Table 1: Example of Calculating  $7 \times 3$ 

- Q4 (10%) Consider a single-level cache with an access time of 2.5 ns, a line size of 64 bytes, and a hit ratio of H = 0.95. Main memory uses a block transfer capability that has a firstword (4 bytes) access time of 50 ns and an access time of 5 ns for each word thereafter.
  - 1. What is the access time when there is a cache miss?
  - 2. Suppose that increasing the line size to 128 bytes increases the H to 0.97. Does this reduce the average memory access time?
- Q5 (10%) Consider a machine with a byte addressable main memory of 2<sup>16</sup> bytes and block size of 8 bytes. Assume that a direct mapped cache consisting of 32 lines is used with this machine.
  - 1. How is a 16-bit memory address divided into tag, line number, and byte number?
  - 2. Why is the tag also stored in the cache?
- Q6 (10%)

Consider a memory system that uses a 32-bit address to address at the byte level, plus a cache that uses a 64-byte line size.

- 1. Assume a direct mapped cache with a tag field in the address of 20 bits. Show the address format and determine the following parameters: number of addressable units, number of blocks in main memory, number of lines in cache, size of tag.
- 2. Assume a four-way set-associative cache with a tag field in the address of 9 bits. Show the address format and determine the following parameters: number of addressable units, number of blocks in main memory, number of lines in set, number of sets in cache, number of lines in cache, size of tag.
- Q7 (10%) In this exercise we look at memory locality properties of matrix computation. The following code is written in C, where elements within the same row are stored contiguously.

```
for (J=0; J<8000; J++)
for (I=0; I<8; I++)
    A[I][J]=B[J][0]+A[J][I];</pre>
```

- 1. How many 32-bit integers can be stored in a 16-byte cache line?
- 2. References to which variables exhibit temporal locality?

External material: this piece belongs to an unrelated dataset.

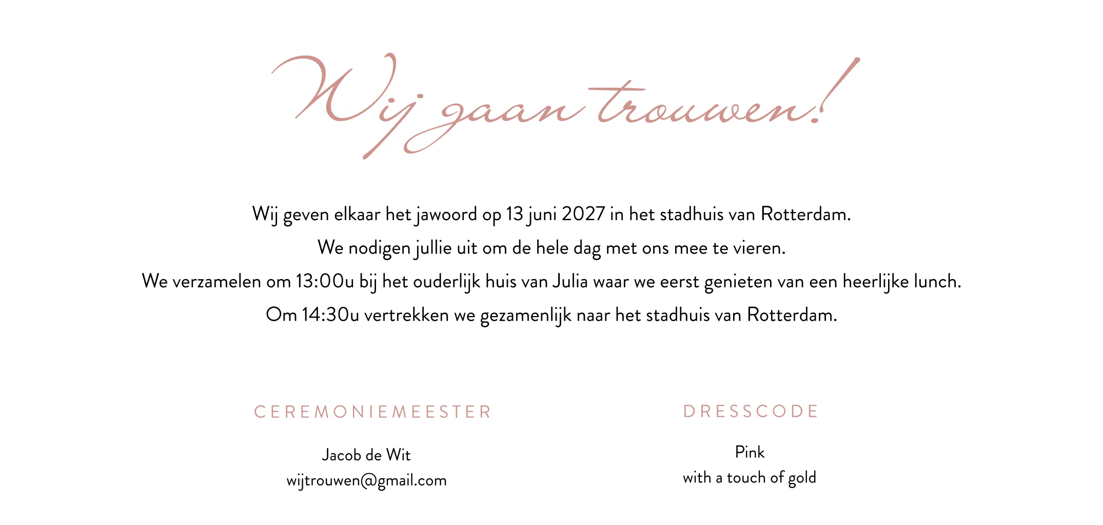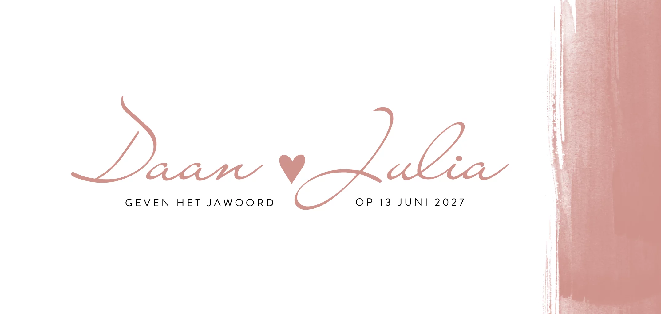 Een lieflijke, duurzame trouwkaart met roze waterverf veeg en hartjes. De speelse typografie en mooie roze kleur geven dit kaartje een lieve en romantische uitstraling. Aan de binnenkant van de kaart vind je een tijdlijn met leuke illustraties om je dag mee uit te stippelen. Pas deze tijdlijn en de rest van het ontwerp gemakkelijk aan in onze handige ontwerptool. Bestel gerust een proefkaartje met jullie eigen namen.

- 3. References to which variables exhibit spatial locality?
- Q8 (15%) Consider two processors a & b. Each processor has five stages with latencies shown in the following table. Assume that when pipelining, each pipeline stage costs 20ps extra for the registers between pipeline stages.

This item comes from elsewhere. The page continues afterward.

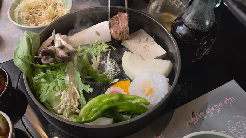 가장 먼저, 냄비에 버터를 두르고 소고기를 살짝 구워 풍미를 더했다. 그 위에 양파, 대파, 배추 등 다양한 야채를 넣고 특제 소스를 부어 자작하게 끓였다. 끓어오르는 동안 퍼지는 달콤 짭짤한 향기는 기다림마저 즐겁게 만들었다.

|             | IF    | ID    | ΕX    | MEM   | WB    |
|-------------|-------|-------|-------|-------|-------|
| processor a | 300ps | 400ps | 350ps | 550ps | 100ps |
| processor b | 200ps | 150ps | 100ps | 190ps | 140ps |

- 1. If **no** pipeline is considered, for each processor please calculate the following metrics: cycle time; latency of an instruction; the throughput. (Note that throughput is instruction number per second)
- 2. If both a & b are pipelined processors, for each one calculate the following metrics: cycle time; latency of an instruction; the throughput.
- 3. If you could split one of the pipeline stages into 2 equal halves, which one would you choose for processors a & b, respectively? For the two processors: what is the new cycle time, the new latency of an instruction, and the new throughput?